Como é típico em animes existencialistas, este é essencialmente um ensaio, no caso de Serial Experiments Lain, sobre as diferentes camadas que separam/aproximam o mundo real do virtual, mas de resto temos uma série com uma das premissas mais abertas a interpretações que já vi. Pra dar uma perspectiva, basicamente misture Matrix com O Sexto Sentido e você terá uma ideia do que estou dizendo. É definitivamente necessário assistir mais de uma vez para não perder nenhum ponto chave antes de tirar suas próprias conclusões sem medo de falar besteira.
O melhor jeito de entender como é Serial Experiments Lain continua sendo de fato assisti-la. Espera. Não, “assisti-la” não é uma boa palavra. “Assistir” Lain é como “assistir” uma viagem de alucinógenos. “Experimentá-la” é uma palavra melhor, pois ela sonda teus pensamentos e provoca coisas em tua mente que você nem sabia que eram possíveis. É quase como se a série estivesse assistindo você, e não o contrário.
Ok, “momento Black Mirror” à parte, esta é de fato uma série que abre os olhos do espectador para questões envolvendo comunicação computadorizada e a dicotomia da nossa identidade no mundo real x nossa identidade no mundo virtual que, 20 anos depois, estão mais atuais do que nunca. Como as melhores obras filosóficas por aí, não duvido que esta vá mudar a vida de muitos que a assistirem (mesmo que seja um pouquinho), como muitos já apontaram que vem fazendo desde que foi ao ar pela primeira vez.

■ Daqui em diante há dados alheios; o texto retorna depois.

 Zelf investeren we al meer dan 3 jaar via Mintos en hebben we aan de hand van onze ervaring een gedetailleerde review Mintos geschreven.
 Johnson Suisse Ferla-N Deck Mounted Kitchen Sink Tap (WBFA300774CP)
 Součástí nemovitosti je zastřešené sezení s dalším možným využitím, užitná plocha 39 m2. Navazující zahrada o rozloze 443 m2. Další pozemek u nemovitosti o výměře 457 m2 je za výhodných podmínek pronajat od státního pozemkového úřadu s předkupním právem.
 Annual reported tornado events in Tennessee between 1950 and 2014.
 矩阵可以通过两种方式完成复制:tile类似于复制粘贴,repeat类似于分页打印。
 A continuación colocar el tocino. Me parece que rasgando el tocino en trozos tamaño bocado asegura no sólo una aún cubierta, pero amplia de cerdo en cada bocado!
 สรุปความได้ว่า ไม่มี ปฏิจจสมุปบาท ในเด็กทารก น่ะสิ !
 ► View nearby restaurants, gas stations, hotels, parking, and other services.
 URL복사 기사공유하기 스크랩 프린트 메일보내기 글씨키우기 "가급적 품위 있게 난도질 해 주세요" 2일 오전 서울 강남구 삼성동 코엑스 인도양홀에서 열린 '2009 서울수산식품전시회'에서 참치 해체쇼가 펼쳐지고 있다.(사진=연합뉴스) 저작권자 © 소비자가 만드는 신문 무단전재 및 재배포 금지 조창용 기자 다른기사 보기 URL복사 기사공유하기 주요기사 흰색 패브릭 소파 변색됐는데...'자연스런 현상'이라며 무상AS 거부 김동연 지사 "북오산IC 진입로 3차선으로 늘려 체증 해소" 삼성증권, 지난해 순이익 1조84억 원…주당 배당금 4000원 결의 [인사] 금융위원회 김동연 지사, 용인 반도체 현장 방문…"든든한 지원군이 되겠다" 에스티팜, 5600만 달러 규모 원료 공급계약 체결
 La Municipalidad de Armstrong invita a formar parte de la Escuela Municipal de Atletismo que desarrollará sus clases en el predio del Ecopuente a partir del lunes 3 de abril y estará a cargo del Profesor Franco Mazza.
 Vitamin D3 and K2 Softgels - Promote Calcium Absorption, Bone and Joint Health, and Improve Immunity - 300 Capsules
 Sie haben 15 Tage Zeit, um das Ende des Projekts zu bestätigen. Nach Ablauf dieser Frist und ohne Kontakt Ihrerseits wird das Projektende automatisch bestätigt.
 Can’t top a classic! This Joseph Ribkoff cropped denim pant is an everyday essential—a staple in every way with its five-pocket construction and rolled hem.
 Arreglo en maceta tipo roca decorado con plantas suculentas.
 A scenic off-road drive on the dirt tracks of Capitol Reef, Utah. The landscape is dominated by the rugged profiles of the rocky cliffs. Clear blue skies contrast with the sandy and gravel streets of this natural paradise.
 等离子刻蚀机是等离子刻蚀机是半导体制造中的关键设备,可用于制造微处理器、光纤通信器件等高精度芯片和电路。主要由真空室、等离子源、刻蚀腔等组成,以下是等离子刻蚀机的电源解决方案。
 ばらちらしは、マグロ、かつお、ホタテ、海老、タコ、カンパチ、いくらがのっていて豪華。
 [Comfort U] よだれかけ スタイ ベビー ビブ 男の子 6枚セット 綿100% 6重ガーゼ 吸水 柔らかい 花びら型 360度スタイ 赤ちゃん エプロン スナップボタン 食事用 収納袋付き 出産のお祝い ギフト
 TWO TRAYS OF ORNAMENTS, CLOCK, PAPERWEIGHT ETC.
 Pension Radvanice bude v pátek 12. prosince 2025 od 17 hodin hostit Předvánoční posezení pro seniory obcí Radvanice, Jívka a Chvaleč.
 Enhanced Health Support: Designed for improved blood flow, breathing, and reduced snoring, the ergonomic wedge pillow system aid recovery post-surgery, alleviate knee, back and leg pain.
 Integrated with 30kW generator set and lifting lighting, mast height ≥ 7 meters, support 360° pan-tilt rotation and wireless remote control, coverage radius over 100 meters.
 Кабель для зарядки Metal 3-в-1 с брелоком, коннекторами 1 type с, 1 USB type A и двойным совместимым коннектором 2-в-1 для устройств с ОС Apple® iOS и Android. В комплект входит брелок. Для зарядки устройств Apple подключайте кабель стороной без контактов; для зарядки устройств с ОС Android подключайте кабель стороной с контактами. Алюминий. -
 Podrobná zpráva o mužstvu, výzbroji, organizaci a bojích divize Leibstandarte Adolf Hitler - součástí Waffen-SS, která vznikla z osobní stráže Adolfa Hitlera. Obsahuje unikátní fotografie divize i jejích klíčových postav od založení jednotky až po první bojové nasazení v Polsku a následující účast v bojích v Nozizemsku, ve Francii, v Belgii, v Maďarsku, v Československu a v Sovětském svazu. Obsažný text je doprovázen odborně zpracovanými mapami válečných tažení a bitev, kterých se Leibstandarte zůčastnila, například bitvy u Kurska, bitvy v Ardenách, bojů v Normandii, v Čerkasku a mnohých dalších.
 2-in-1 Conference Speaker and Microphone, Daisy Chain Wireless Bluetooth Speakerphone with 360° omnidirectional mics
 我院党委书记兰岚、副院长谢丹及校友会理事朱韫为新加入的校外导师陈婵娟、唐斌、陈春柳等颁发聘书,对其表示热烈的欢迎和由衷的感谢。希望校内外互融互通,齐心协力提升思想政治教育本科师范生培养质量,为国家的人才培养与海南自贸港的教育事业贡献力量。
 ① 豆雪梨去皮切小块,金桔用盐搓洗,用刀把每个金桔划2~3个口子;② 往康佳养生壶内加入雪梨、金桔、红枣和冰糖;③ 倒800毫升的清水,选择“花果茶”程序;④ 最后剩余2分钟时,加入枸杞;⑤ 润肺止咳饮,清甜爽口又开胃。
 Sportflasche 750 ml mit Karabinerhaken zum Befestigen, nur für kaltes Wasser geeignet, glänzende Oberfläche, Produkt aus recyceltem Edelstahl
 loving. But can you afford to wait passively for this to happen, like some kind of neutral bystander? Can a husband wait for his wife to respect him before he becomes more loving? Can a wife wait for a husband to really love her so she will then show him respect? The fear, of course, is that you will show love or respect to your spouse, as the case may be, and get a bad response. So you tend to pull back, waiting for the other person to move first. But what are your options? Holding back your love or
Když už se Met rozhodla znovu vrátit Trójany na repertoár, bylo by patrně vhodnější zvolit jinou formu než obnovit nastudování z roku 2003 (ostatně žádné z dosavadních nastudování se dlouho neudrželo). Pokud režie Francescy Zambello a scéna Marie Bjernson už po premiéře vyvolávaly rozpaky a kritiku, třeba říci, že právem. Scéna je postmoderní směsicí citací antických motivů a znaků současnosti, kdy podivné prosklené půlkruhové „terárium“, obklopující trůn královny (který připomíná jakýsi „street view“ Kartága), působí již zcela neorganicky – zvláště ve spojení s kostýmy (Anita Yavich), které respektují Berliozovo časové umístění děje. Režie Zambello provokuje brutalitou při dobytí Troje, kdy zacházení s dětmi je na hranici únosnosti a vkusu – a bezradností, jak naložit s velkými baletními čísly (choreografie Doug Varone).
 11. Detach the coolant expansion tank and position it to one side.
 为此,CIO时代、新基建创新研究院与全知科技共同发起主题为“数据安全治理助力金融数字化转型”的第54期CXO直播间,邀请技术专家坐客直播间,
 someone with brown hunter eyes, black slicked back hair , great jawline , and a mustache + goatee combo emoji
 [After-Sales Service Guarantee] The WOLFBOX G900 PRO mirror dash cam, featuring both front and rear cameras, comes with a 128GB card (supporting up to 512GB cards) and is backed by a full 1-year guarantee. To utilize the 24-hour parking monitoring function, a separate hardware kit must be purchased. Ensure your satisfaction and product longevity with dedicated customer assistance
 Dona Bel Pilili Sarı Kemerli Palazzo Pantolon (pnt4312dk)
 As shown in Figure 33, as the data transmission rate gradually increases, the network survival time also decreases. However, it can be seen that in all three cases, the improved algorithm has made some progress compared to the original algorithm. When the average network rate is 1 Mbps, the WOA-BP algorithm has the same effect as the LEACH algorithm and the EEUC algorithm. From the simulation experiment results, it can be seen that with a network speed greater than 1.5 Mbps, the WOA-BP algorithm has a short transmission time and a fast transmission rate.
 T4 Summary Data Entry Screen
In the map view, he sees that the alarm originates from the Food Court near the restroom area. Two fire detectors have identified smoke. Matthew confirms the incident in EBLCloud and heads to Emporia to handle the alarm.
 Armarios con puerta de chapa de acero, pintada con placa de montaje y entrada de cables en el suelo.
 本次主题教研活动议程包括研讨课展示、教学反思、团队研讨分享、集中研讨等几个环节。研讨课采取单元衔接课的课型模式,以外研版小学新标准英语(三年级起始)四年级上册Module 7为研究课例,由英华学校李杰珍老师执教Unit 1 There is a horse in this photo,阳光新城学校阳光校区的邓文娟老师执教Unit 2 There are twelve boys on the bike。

Mas fora essa experiência quase transcendental, o que mais Lain tem a oferecer? A resposta: um estilo único e muito bem pensado. Percebe-se isso logo no começo, na abertura (que conta com uma canção pra lá de grudenta da banda de rock alternativo Bôa), seguida por estranhas “prévias” antes do título consistindo quase sempre da mesmíssima sequência acompanhada por uma fala aparentemente desconexa, mas que de alguma forma se relaciona com o tema do episódio – uma espécie de versão animada do Efeito Kuleshov. E uma vez começado o episódio, temos uma série com uma atmosfera sinistra em muito reminiscente aos trabalhos de David Lynch e Sam Mendes, surrealista e sombria, mas sem deixar de ter seus momentos divertidos, tudo isso reforçado por uma animação que explora ângulos antes pouco vistos em animes.
Lógico que Lain não é perfeito (qual série é?), com os primeiros quatro episódios sendo bem lentos e menos subjetivos que o restante da série, servindo quase inteiramente para o desenvolvimento inicial dos personagens. Mas não se convençam de que ela vai seguir eternamente neste mesmo ritmo: do episódio 5 em diante, Serial Experiments Lain fica muito mais envolvente. Continua não sendo infalível… Mas sua grandiosidade chega tão perto disso que mal importa mais.